Джулия больше не могла это слушать.
— Ладно, работайте, а я пойду! — резко бросила она. — И пожалуйста, отправьте счет лорду Кроуфорду. — Она развернулась и поспешно покинула гостиную.
Джулия отправилась в огород набрать овощей с пустеющих грядок, чтобы вечером приготовить их с форелью. Ей хотелось привести участок в порядок, прополоть его и засеять новыми семенами, но поскольку им предстояло уехать из поместья сразу, как только найдется новый покупатель, эта работа казалась ей бессмысленной.
Внезапно Джулия обратилась в слух: прохладный ветерок донес из гостиной Второй концерт Рахманинова. Опустившись на колени посреди сорняков, она зажала уши руками.
— Прекратите! Прекратите!!!
Но музыка по-прежнему звучала, просачивалась сквозь пальцы. Ноты, которые она не могла играть, терзали душу. Джулия перестала закрывать уши, уронила руки вдоль тела и дала волю слезам.
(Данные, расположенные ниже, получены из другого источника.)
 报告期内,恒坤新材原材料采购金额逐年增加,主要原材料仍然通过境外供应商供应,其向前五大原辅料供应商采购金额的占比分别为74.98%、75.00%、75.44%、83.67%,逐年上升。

— Ну почему вы играете именно это? Что угодно... что угодно, только не это... — Она покачала головой и вытерла нос тыльной стороной ладони.
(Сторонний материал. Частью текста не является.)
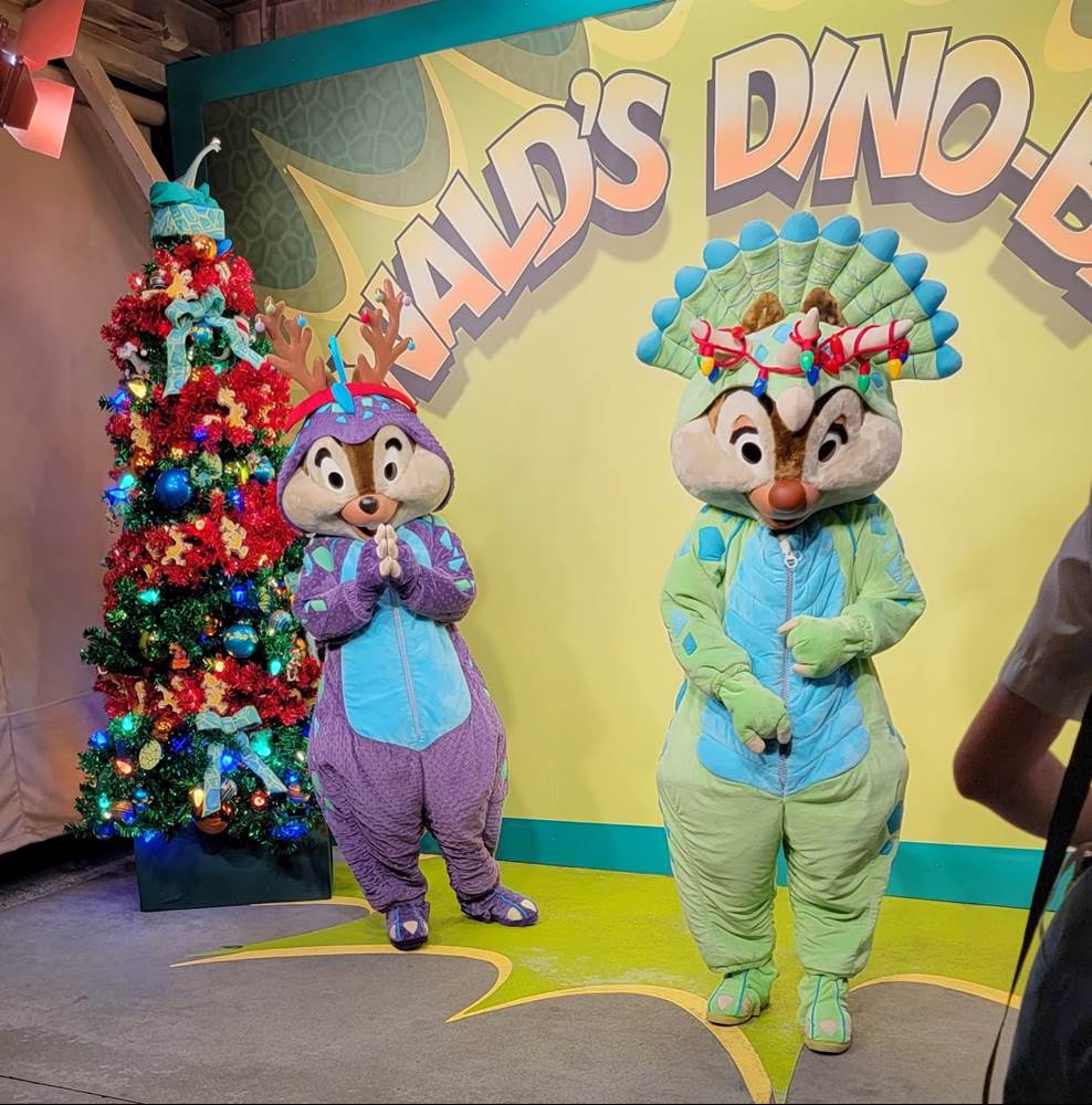 Chip and Dale’s Dinosaur costumes receive a little holiday flair for the season.

Эта мелодия стала символом ее горя. В тот жуткий вечер, пока она играла для восторженных слушателей, поглощенная прекрасной музыкой, потерянная в собственном мире, а потом наслаждалась аплодисментами, ликующими возгласами и букетами, с эгоистичной радостью упиваясь успехом, ее маленький сын и муж умирали мучительной смертью.
Джулия снова и снова изводила себя воспоминаниями, гадая, когда именно во время концерта они испустили последний вздох.
«Может, Габриэль, лежа на земле, страдая от чудовищной боли и страха, звал меня? Недоумевал, почему рядом нет его мамы, почему она не поможет ему, не утешит и не спасет? Я предала сына — бросила, когда он так сильно во мне нуждался...»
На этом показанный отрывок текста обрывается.